A few days before I left, someone asked what lesson God had been teaching me lately. I answered easily, “letting go of control.” After all, that was all I had been talking about–how this wasn’t my plan, that I felt like I had no control over what was happening or what would happen in the future. However, the more I thought about it, there was so much more than that. Loss of control was the top of the iceberg, but below that was the process of dealing with my animosity against vulnerability, weakness, and trust.
When the typhoon hit and our living standards plummeted to that of a developing country, it forced me to put into action the advice that a good college friend told me before I left–don’t let technology keep you from what is right in front of you. It forced me to move beyond the walls of isolation that I had built up around myself.
During those last few weeks, I could no longer spend hours watching Doctor Who reruns, playing games on my phone, or checking Facebook and messaging those from home. Instead, I was forced to do what I should have been doing from the beginning–investing in relationships and spending time with those around me. In reaching out, I built friendships, found encouragement, and learned to be more open about my imperfections, struggles, and pain. I allowed myself to be vulnerable as I confronted conflict and spoke honestly about my feelings.

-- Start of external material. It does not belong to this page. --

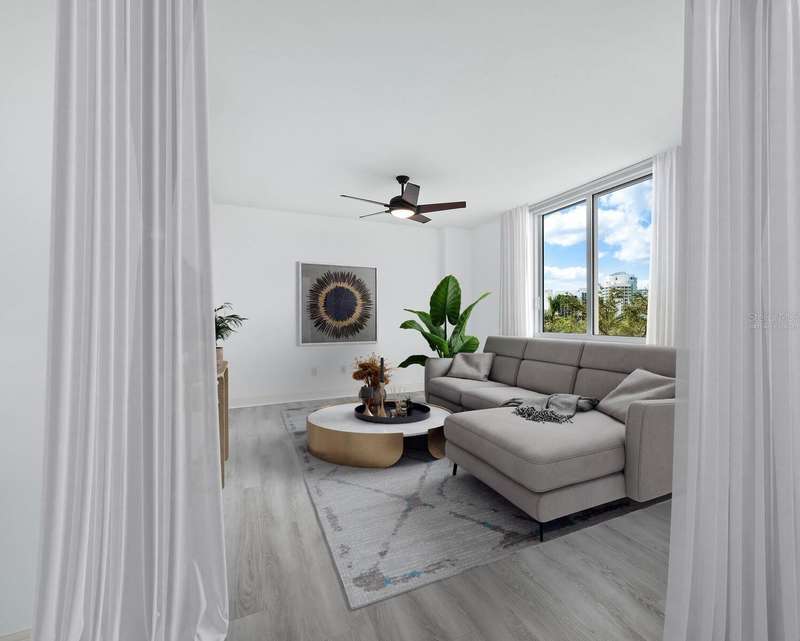 Welcome to Alinari in the historic Rosemary District! Alinari is situated in the heart of downtown Sarasota and steps away from “The Bay” Sarasota’s new 53-acre signature Bayfront park, as well as the acclaimed Van Wezel Performing Arts Center. Step into over 1900 square feet of light and bright space and a flexible floorplan with tons of living space. In addition to two dedicated bedrooms, a den could serve as a third bedroom or an office, fitness/music room or library. The kitchen is open to two adjacent living rooms, with views to the wrap-around terrace and beyond, and perfect for entertaining. Notable features include motorized blinds, new appliances, and freshly painted interior. Alinari is known for it’s resort-style amenities, including 24/7 concierge services and security, olympic size pool, state of the art fitness center, spa, sauna, massage room, billiards and game room, theatre, private temperature controlled wine storage and tasting room, conference rooms, guest rooms, and more! This 11 acre property is a trolley ride away from St. Armand’s Circle, Lido Beach and world-class dining in Downtown Sarasota. Also notable, large pets are welcome here. This is Sarasota’s coastal urban living, at its finest!

In these times when I am completely out of my comfort zone, God steps in with his courage, strength, and peace. And when I allow myself to be weak and vulnerable, to trust in him, I find freedom. Because he is greater than I, his plans are higher than my own. So that’s my prayer: that I step away from comfortability, take risks, be vulnerable, and move towards trusting God completely. Lord, let me be weak, because in my weakness, you are strongest.